Nue sur son canapé, l'ombre de la courbure de ses fesses se dessinait sur le mur, elle lisait un livre sans s'empêcher de se laisser porter par ses pensées et autres réflexions. Elle posa bientôt son menton sur ses bras, croisés sur le livre retourné.
Elle réflechissait à ce qu'elle venait de faire la veille au soir. Elle avait laissé un jeune homme l'attendre devant un café et il l'avait appelé plusieurs fois. Et elle n'avait jamais répondu.

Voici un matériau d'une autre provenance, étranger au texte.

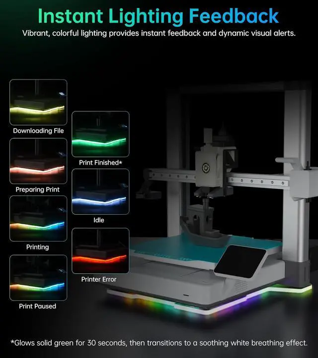 H2D Style Status Color IndicatorBIQU Panda Aura for A1 printer gives you an immerse light show when printing. Its H2D-style vibrant, colorful lighting provides you with the instant feedback and dynamic visual alerts sent from your printer.
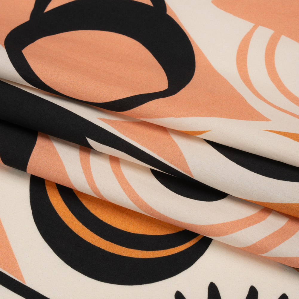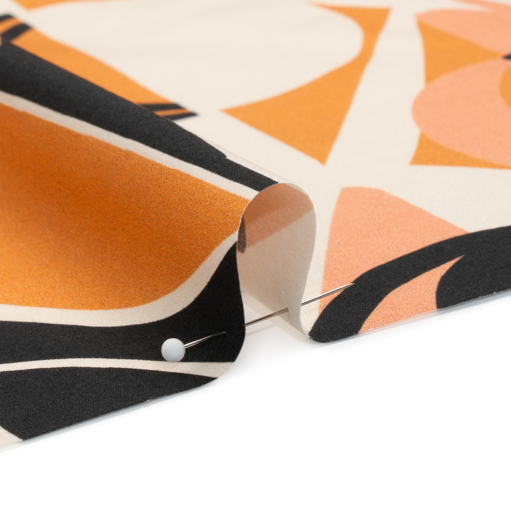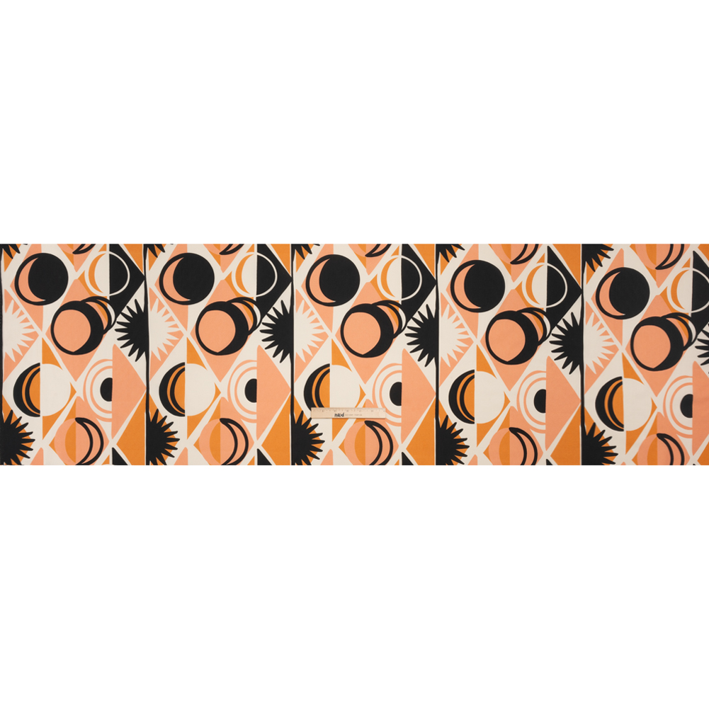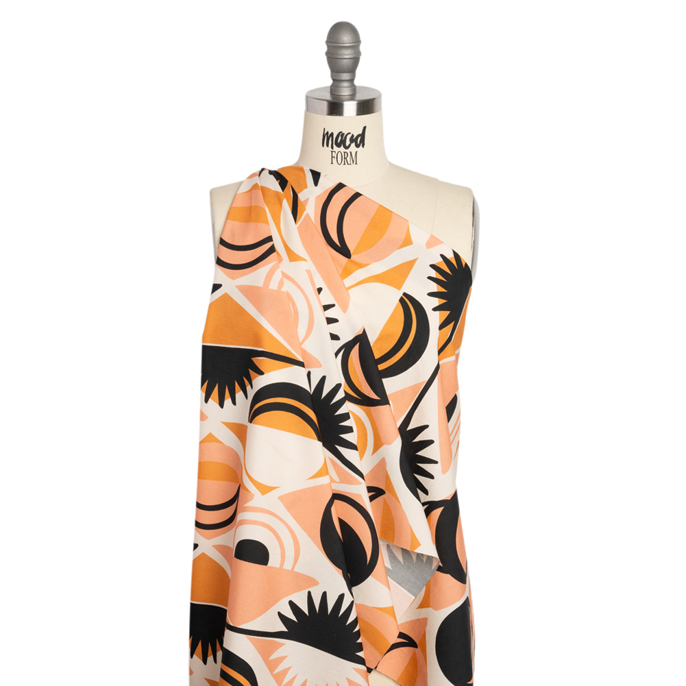 Our Mood Exclusive Orange Twinkle Twinkle Cotton Poplin exists between moonlight and starshine. Peach, orange, and black tiles form diamonds against a white background as celestial shapes decorate the foreground. Owning a dry hand, this fabric falls with a crisp drape and features a very slight give through the weft. As it is semi-translucent, a lining may be desired.Warm weather or cold, casual or semi-formal—cotton poplin lends a chic attitude to every closet, promoting clean silhouettes and elevated basics. The lightweight and cool feel is great for shirting; boxy cropped tops, button-ups, and shirt dresses are just the beginning of what you can create with this fabric!

Son truc à elle, c'était de faire de sa vie sentimentale, un miroir. Elle séduisait, si elle arrivait à ses fins, le miroir de la vie lui renvoyait une image positive d'elle, ainsi elle n'avait plus besoin de se coltiner un prétendants pendant de longs mois, ou de longs jours. Elle ne voulait pas être éprise de ...
Elle ne voulait pas être prise au piège des sentiments.
Chaque jour, elle se levait pour le regard des autres, elle se séduisait devant le miroir pour mieux songer à séduire les autres.
Longiligne, une moue de jeune fille mutine, une bouche ronde comme deux cerises rouges, de grands yeux clairs encerclés de longs cils noirs battant l'air comme des papillons, le visage rond mais fin d'une fausse adolescente; Elyne ne marchait pas, elle dansait chacun de ses pas comme si son passage était un spectacle à admirer.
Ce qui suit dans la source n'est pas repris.